L'équipe économique estime que le projet augmentera l'insuffisance financière des systèmes de sécurité sociale de 3 milliards de reais par an. Selon les calculs du ministère de la Sécurité sociale, l'impact est de 99 milliards de reais, en considérant l'Union, les États, le District fédéral et les municipalités.
À la fin du mois dernier, la Commission des Affaires Sociales (CAS) a également approuvé le projet de loi qui augmente le salaire minimum des médecins et chirurgiens-dentistes à 13 600 R$ pour une semaine de travail de 20 heures.
L’estimation prévoit une augmentation des dépenses de l’Union de 8,4 milliards de reais par an, sans compter les États, les municipalités et le réseau Ebserh.

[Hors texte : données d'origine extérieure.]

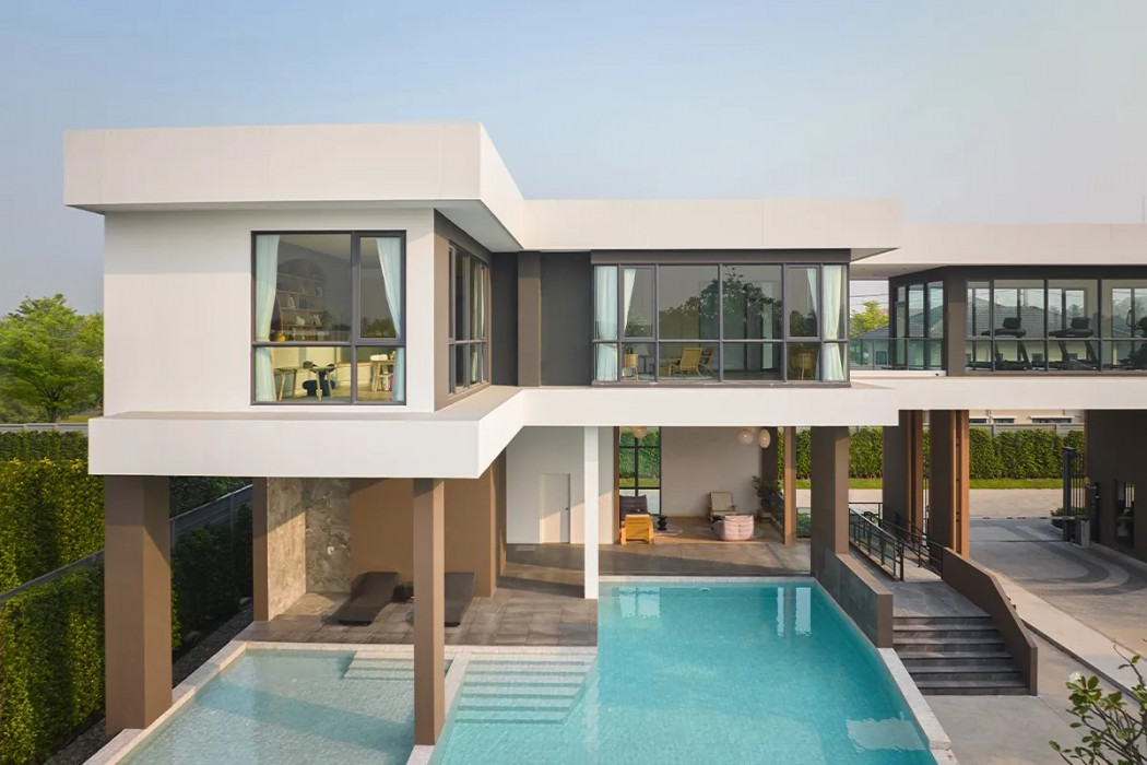 Two-story detached house in Centro Rama 2 - Phutthabucha 2 project. Size and Area: • Land area: 57.6 square wa • Usable area: 260 square meters • Frontage approximately 14.5 meters, depth 15 meters •
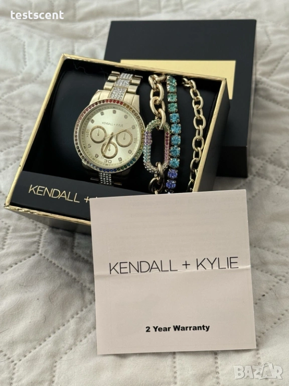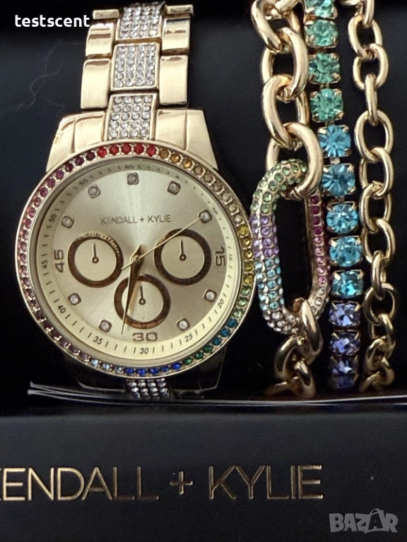 Предлагам стилен и впечатляващ комплект Kendall + Kylie, включващ дамски часовник и подбрани гривни в златист тон с многоцветни кристали. Комплектът е чисто нов (NIB – new in box), никога не е носен, част от лична колекция и съхраняван в оригиналната си опаковка.
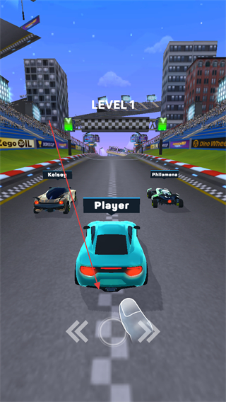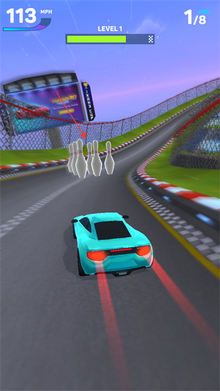 4、遇到赛道中的保龄球道具,撞击它们可触发效果,助力在LEVEL1中保持优势,完成赛程。
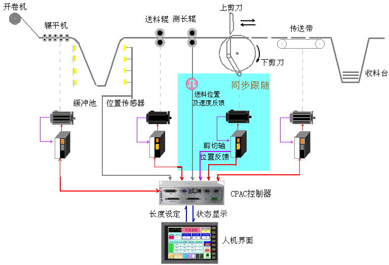 飛剪系統(tǒng)根據(jù)剪切長度和送料速度自動生成驅(qū)動剪切機的數(shù)值指令,當(dāng)“送進長度”接近“ 設(shè)定長度”位置時剪切機加速或減速,在準(zhǔn)確定位于切斷位置的同時剪切機和材料達到速度同步并實施剪斷。此系統(tǒng)可滿足用戶剪切的高精度(誤差小于±1mm)、高速度、寬幅值、高效率、高可靠性等要求,實現(xiàn)了精確定位、快速響應(yīng)的同步速度跟蹤控制算法和伺服電機驅(qū)動算法。
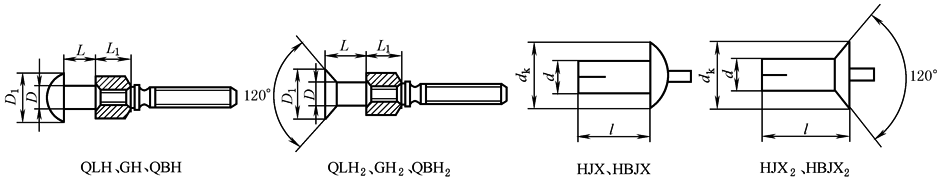 铝/铝QLH D×L、 QLH2 D×L(A) 钢/钢GH D×L、 GH2 D×L(B) 不锈钢/不锈钢 QBH D×L、 QBH2 D×L(C) |
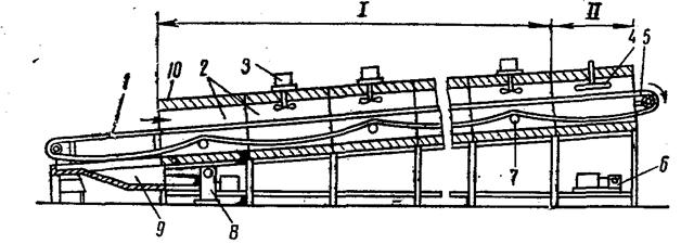 Рисунок 39. Криогенный аппарат с наклонным расположением грузового конвейера, предназначенный для замораживания неупакованных продуктов: 1 — грузовой конвейер; 2 —сборные секции; 3 — циркуляционный вентилятор; 4 — коллектор с форсунками; 5 — ведущий барабан; 6 — электродвигатель привода грузового конвейера; 7 — несущие ролики; 8 — вытяжной вентилятора; 9 — газосборник; 10 — изолированный контур; I — зона предварительного охлаждения; II — зона орошения.
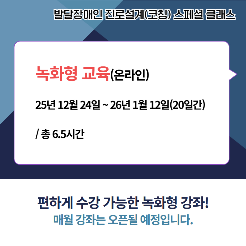 발달장애인 진로설계(코칭) 스페셜 클래스(녹화형)-12월
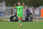 Ciudad Juárez, Chihuahua, 11 de octubre de 2025. Norma Palafox en festejo de gol, durante el partido correspondiente a la jornada 15 del torneo Apertura 2025 de la Liga BBVA MX Femenil, entre las Bravas de FC Juárez y las Centellas del Necaxa, realizado en realizado en el Instituto Tecnológico de Ciudad Juárez. Foto: Imago7/ Alejandro Rodríguez
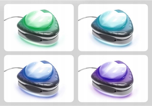 Świeci na cztery kolory: zielony, morski, niebieski i fioletowy

Le texte a été approuvé définitivement et sera transmis directement à la Chambre des députés, s'il n'y a pas une demande signée par au moins neuf sénateurs pour porter l'affaire en plénière.
Impact sur la Chambre
La pression imposée par le Sénat sur le gouvernement génère déjà des répercussions à la Chambre.
L'approbation des « agendas de la bombe » et l'incertitude quant à l'avancement du PEC 6x1, déjà approuvé par les députés, ont conduit le gouvernement à maintenir la pression sur le Congrès pour qu'il prenne position.
La voie trouvée a été de maintenir l'urgence constitutionnelle du projet présenté par l'Exécutif qui porte sur la réduction du temps de travail et qui bloque l'ordre du jour de la Chambre.
Cette mesure a déplu au président de la Chambre, Hugo Motta (Republicanos-PB), avec qui le président Lula avait renforcé ses relations ces dernières semaines.
Dans un accord conclu en mai, l'idée était que le projet du gouvernement porterait sur la réduction du temps de travail pour des carrières spécifiques, comme celles des professionnels de la sécurité, des professionnels de la santé, entre autres.
Mais avec l'avancée du programme explosif de renégociation des dettes rurales, le gouvernement estimait que la force du groupe ruraliste ferait également pression sur Motta pour qu'il approuve la mesure à la Chambre. L’évaluation a donc été qu’il était préférable de garder l’ordre du jour verrouillé.
Cependant, face au refus du gouvernement de retirer l'urgence, Motta a décidé d'adopter sa propre manœuvre pour se sortir des cordes :
La stratégie est de voter sur le projet qui est actuellement à l'ordre du jour, mais en adaptant le texte au contenu de la PEC déjà approuvée par les députés.
L'objectif est de débloquer les votes et de tenter de permettre l'analyse de textes tels que le Cadre Légal de l'Intelligence Artificielle et l'augmentation du plafond de facturation des Microentrepreneurs Individuels.
Motta a donc placé le projet envoyé par le gouvernement et qui est soumis au vote à la Chambre comme seul point à l'ordre du jour de la Chambre pour la semaine prochaine.
Le vote se fera en séances hybrides, puisque les députés sont déjà mobilisés dans leurs bases pour les élections et les festivités de juin, très fortes dans le Nord-Est.
Les alliés pensent que Motta essaie de maintenir sa visibilité avant les vacances. On s’attend à un deuxième semestre vide, ce qui serait rendu impossible par une session plénière avec un ordre du jour verrouillé et sans votes.